BioWorld International Correspondent
PARIS - Trophos SA has been awarded a grant of €921,054 (US$1.4 million) by the French National Research Agency to evaluate the potential of its drug candidate TRO40303 to arrest or prevent the cellular damage that occurs in preclinical models of both cardiac and cerebral ischemia-reperfusion injury (IRI).
The two-year project, known as IRIstop, is to be conducted by Marseille, France-based Trophos in conjunction with the research teams of Alain Berdeaux, of the Mondor Institute of Biomedical Research of the University of Créteil, near Paris, and Michel Plotkine, with the Pharmaceutical and Biological Sciences in Paris.
Trophos specializes in the discovery and development of drugs for neurological disorders and TRO40303 is one of the novel compounds it identified using its proprietary neuronal cell screening platform.
Preclinical studies have demonstrated that those compounds promote the function and survival of neurons, cardiomyocytes and hepatocytes under various disease-relevant stress conditions, via a mitochondria-based mechanism of action.
Trophos pointed out that initial data from preclinical studies using in vivo models of cardiac IRI were sufficiently promising to justify the further development of TRO40303. While participating in the IRIstop project, the company is to complete regulatory preclinical studies of the product with a view to initiating a Phase I clinical trial in 2009.

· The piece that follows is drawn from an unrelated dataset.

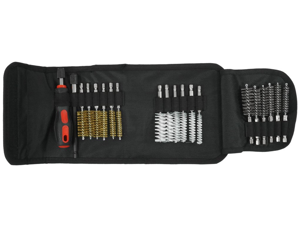 Set de perii profesionale pentru scaune injector, bujie și bujii incandescente. Setul contine 20 de elemente inclusiv pensule de diferite dimensiuni si materiale. Sunt incluse un mâner extensibil și un suport pentru șurubelniță. Totul este ambalat într-o cutie practică și convenabilă.

"This would be the second Trophos product to enter the clinic with a mitochondria-based mechanism of action that is predicted to exhibit a therapeutic benefit in diseases such as neuropathic pain, ischemia-reperfusion injury and hepatotoxicity," noted Antoine Béret, Trophos' CEO.
"TRO19622, our lead product, is currently enrolling patients for a Phase IIa trial in painful diabetic neuropathy and a Phase Ib study in spinal muscular atrophy," he added.